# Installing & Uninstalling SQLEXPRADV_x64_ENU



## EP2012 (Dec 6, 2012)

I just had a clean install on my laptop, then I MS OFFICE 2010, MS ACCESS 2010, MS ONENOTE 2010, MS PROJECT 2010, MS VISIO 2010, MS VISUAL STUDIO 2010, all good no dramas but when I installed SQLEXPRADV_x64_ENU.....

*NIGHTMARE!!!* 

I know I am inexperienced installing this kind of software but I thought it would be as easy as any other software, now my installation success with one or two failures, I didn't get the SQL Management Studio, and when I downloaded SQL MGMT Studio, it says the SQL server is not compatible with my OS (Win7Pro).

Now I am trying to uninstalling every single Microsoft SQL Server 2008 R2 that shows up in the control panel - uninstall program one-by-one, some of them gave me warning messages and I did not uninstall.

Anyone willing to be kind enough to guide me what I should do from here to get SQL Management Studio 2008 up and running?
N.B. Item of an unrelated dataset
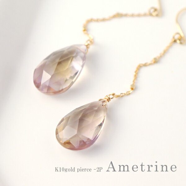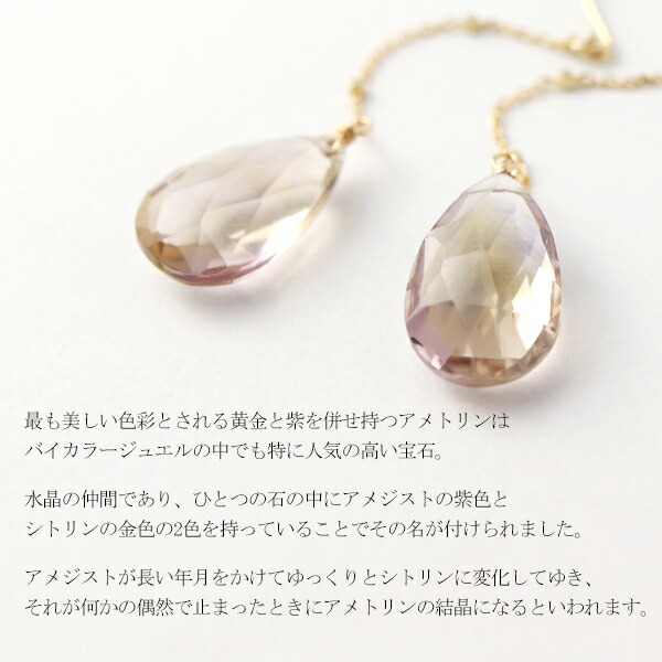 Irise coffret 天然 アメトリン ドロップ フックピアス 2P 両耳用 K10 ゴールド 10金 10K アメジスト シトリン 2月 11月 誕生石 天然石 ロングピアス

Please teach me how to, I am a student, and I'd love to learn more about this.


----------



## amrinder_logic (May 14, 2012)

1) Visit http://www.microsoft.com/en-us/download/details.aspx?id=30437.
2) Then choose *SQLServer2008R2SP2-KB2630458-x86-ENU.exe* for Sql 2008. Easy installation steps.

Amrinder


----------